## EXERCISE
Omit all images, then repeat exactly the lines below from the one containing "裸色高跟靴子长靴女秋冬季2025新款爆款高筒可拆卸两穿短靴瘦瘦靴" through the one containing "Colocar las plantillas", both ends included.

## TASK INPUT

== Segment start ==

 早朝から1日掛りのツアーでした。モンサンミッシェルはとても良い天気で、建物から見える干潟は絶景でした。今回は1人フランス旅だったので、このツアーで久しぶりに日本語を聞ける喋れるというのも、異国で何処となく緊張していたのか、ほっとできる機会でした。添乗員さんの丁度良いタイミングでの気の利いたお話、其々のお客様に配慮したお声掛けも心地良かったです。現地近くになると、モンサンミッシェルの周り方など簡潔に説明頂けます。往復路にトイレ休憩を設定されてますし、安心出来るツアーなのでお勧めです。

== Segment end ==
== Segment start ==

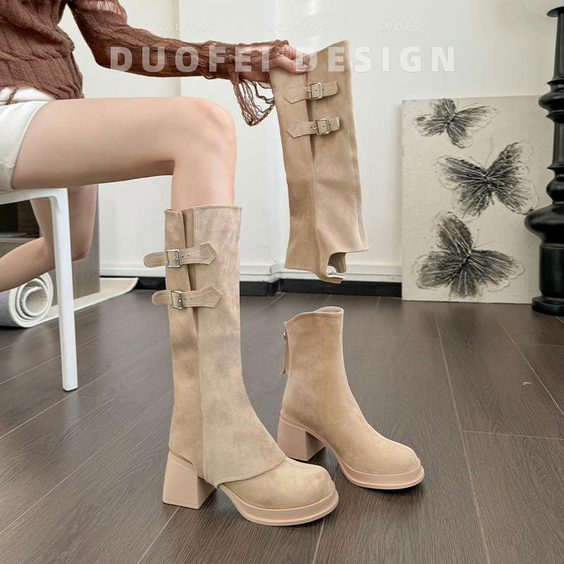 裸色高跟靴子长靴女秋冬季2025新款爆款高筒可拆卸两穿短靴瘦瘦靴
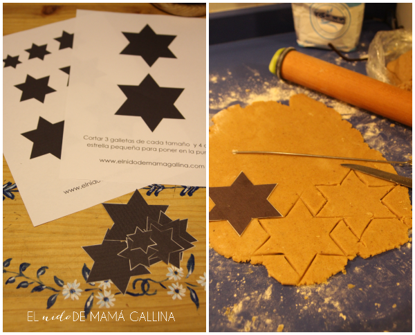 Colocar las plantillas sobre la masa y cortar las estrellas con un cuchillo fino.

== Segment end ==
== Segment start ==

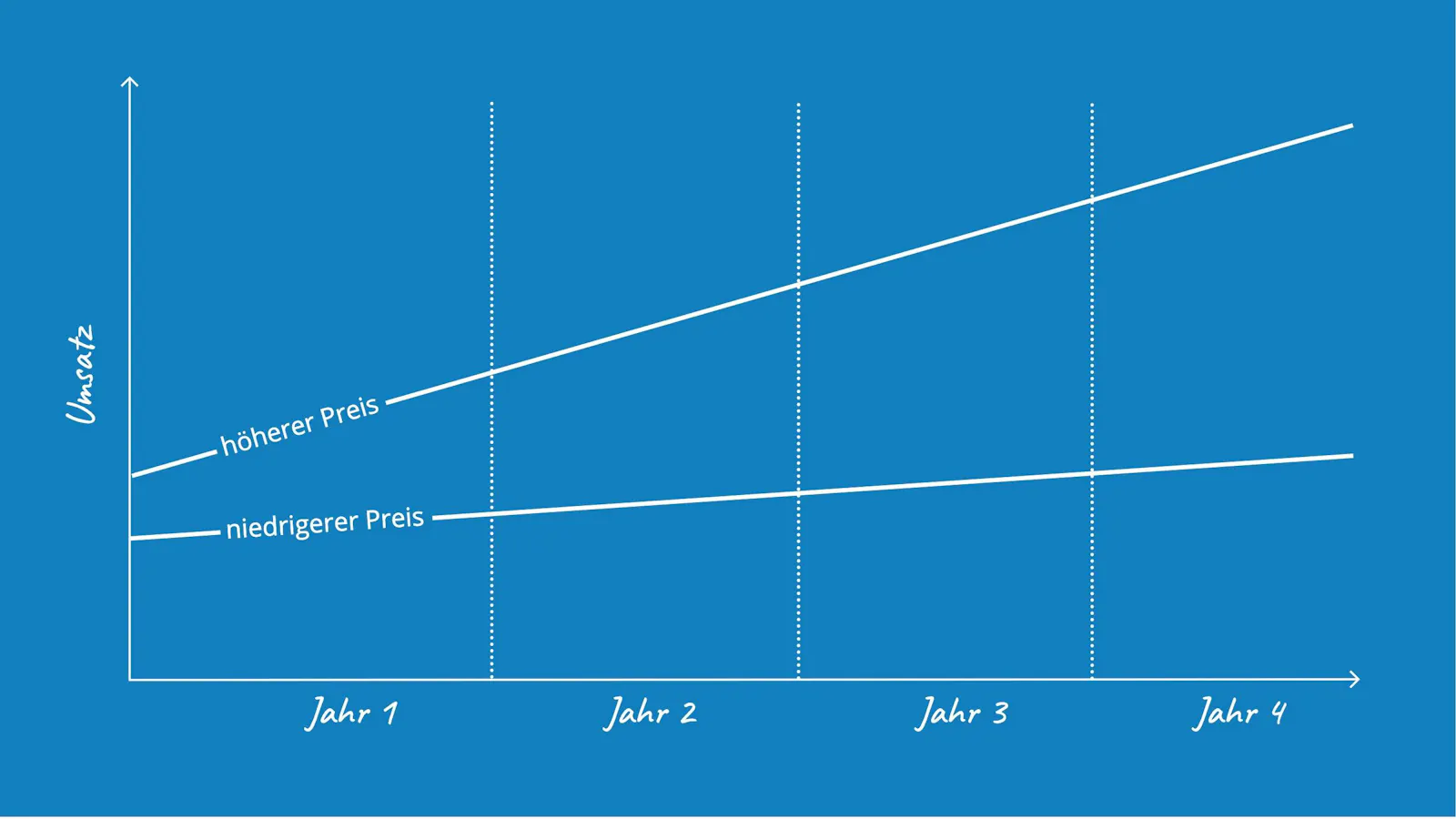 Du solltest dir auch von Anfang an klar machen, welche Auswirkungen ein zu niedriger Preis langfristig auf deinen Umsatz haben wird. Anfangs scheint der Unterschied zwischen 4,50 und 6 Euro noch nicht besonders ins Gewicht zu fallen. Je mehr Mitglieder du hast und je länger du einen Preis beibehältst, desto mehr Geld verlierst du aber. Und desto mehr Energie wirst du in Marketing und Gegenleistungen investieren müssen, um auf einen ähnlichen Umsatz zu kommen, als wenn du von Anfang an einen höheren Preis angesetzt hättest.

== Segment end ==

## YOUR RESPONSE
 裸色高跟靴子长靴女秋冬季2025新款爆款高筒可拆卸两穿短靴瘦瘦靴
 Colocar las plantillas sobre la masa y cortar las estrellas con un cuchillo fino.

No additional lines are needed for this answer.